Amazon Starts Ocean Freight Service for its Suppliers
Amazon.com's Chinese logistics division appears to have moved into the business of brokering ocean freight services for suppliers, entering a role that it has previously left to commercial freight forwarders.
The Wall Street Journal reports that Beijing Century Joyo Courier Service – Amazon's logistics unit in China – has shipped over 150 containers over the past three months. The containers appear to belong to Chinese suppliers who participate in the "Fulfillment by Amazon" (FBA) service.
Under a typical FBA arrangement, an American vendor's Chinese supplier ships goods to multiple Amazon warehouses in the U.S., with freight paid by the vendor. Amazon does not own these goods, but it lists them for sale on its website, stores them and ships them to consumers on the vendor’s behalf. The wares must be prepared to Amazon's specifications, and some vendors choose to use an independent quality control agent to make sure their goods are ready for sale before forwarding them to Amazon.

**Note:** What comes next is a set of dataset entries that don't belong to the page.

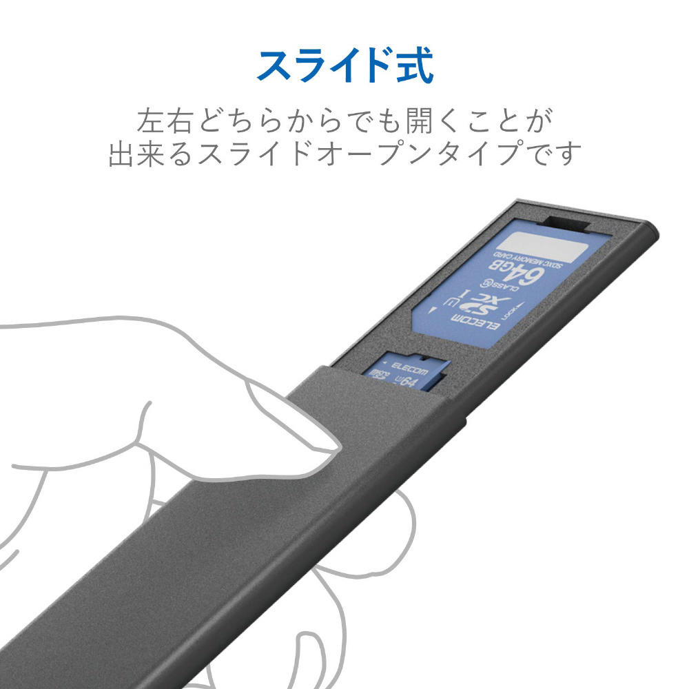 メモリカードケース SD+microSD アルミタイプ スライドオープン式 Mサイズ CMC-SDCAL01BK
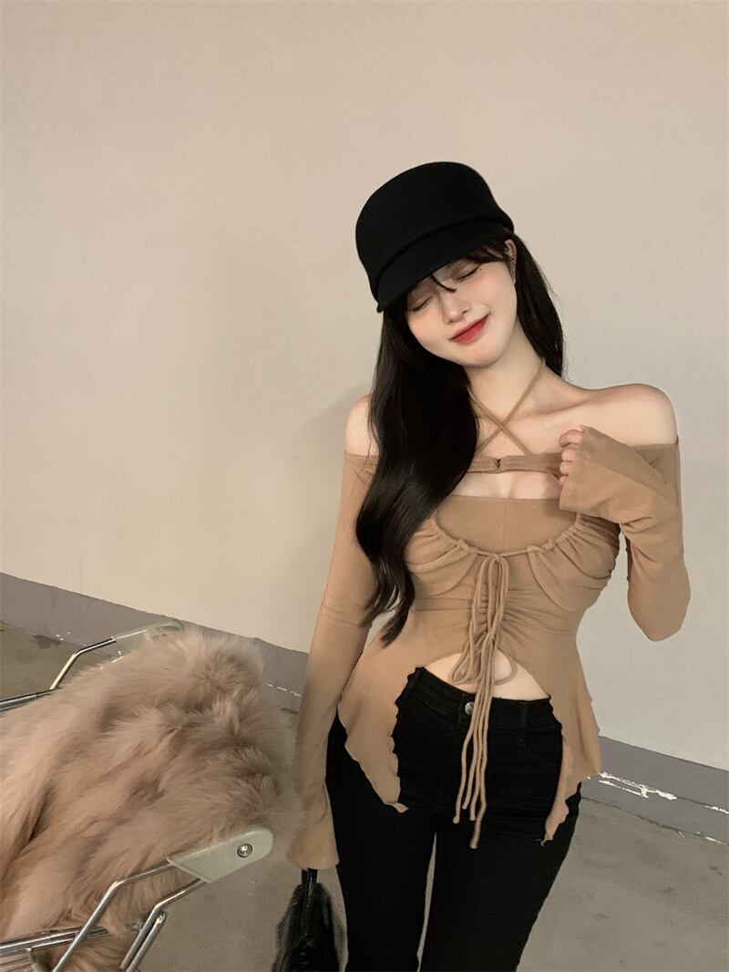 ワンショルダーブラウスTシャツ女性の夏の純粋な欲望注意深いマシンオフショルダー長袖半袖ボトムシャツトップ ショート ロング サマー 夏物 ピュア bstraw17569211608 | beaute25
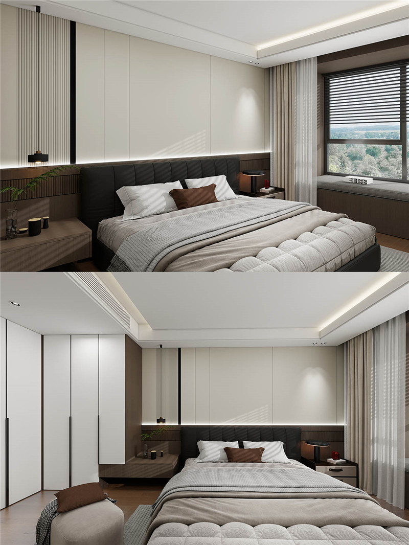 臥室|飄窗主臥+墻柜次臥,靜謐治愈
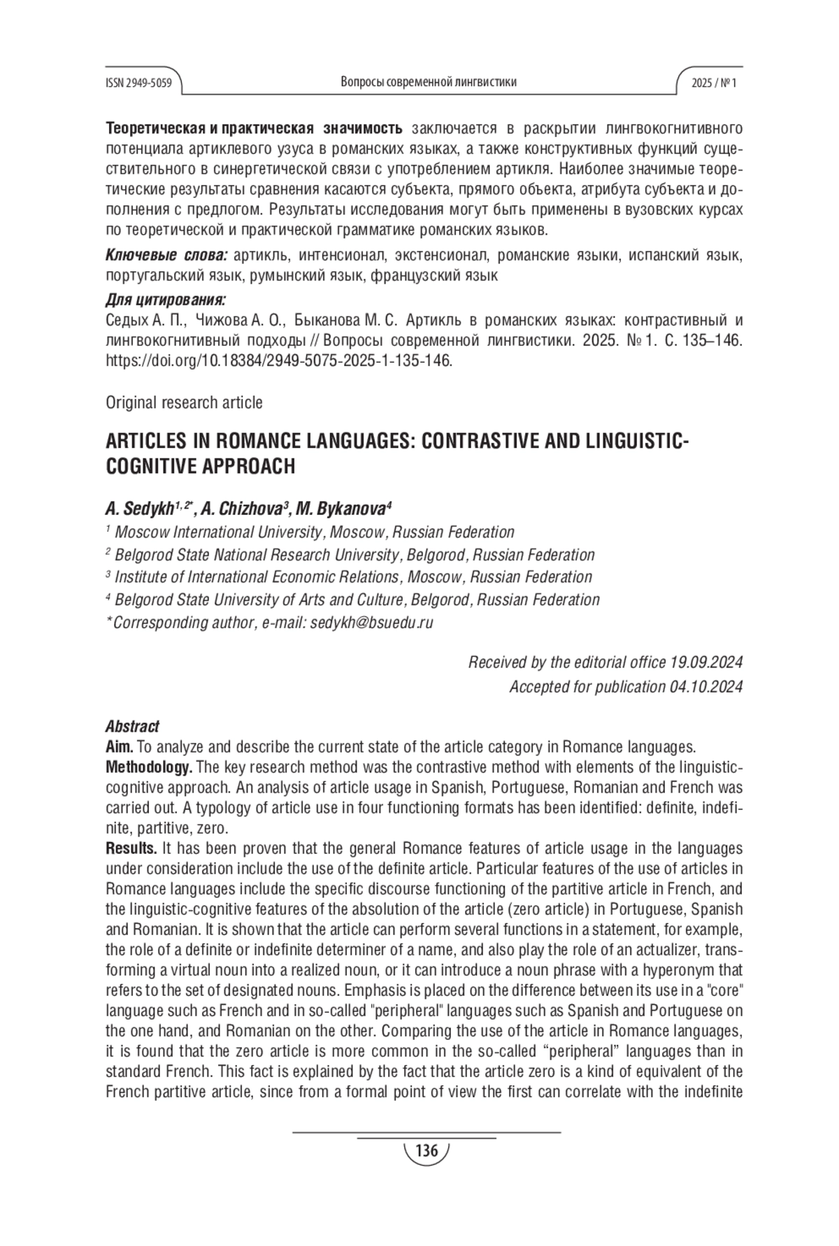Теоретическая и/или практическая значимость. Практическая ценность проведённого исследования связана с потенциальными возможностями использования собранного теоретического и языкового материала в профессиональной деятельности переводчика, лексикографа, терминоведа, лексиколога, учителя иностранных языков.

More recently, thousands of Chinese suppliers are bypassing the vendor and selling directly to the consumer via FBA. Amazon facilitates this process through its Amazon Global Selling portal, and it is a key part of the e-commerce giant's China business strategy: Amazon China President Doug Gurr said in 2015 that the firm puts a priority on helping "sellers from China to grow their business globally."
If you are a Chinese supplier, Amazon FBA lets you “slap a brand on your product, work with a logistics company, list your goods on Amazon, and now all of the sudden you cut out three layers of supply chain and you’re able to get directly to customers,” said Scott Galit, CEO of payment processing firm Payoneer, speaking to USA Today.
The new logistics services for Chinese exporters – ocean freight, but also Amazon’s air cargo, labeling, sorting, trucking and distribution offerings – will make it even easier for them to market to consumers and compete with traditional retailers. It may also allow Amazon to capture some of the growing business of shipping freight to its own FBA warehouses.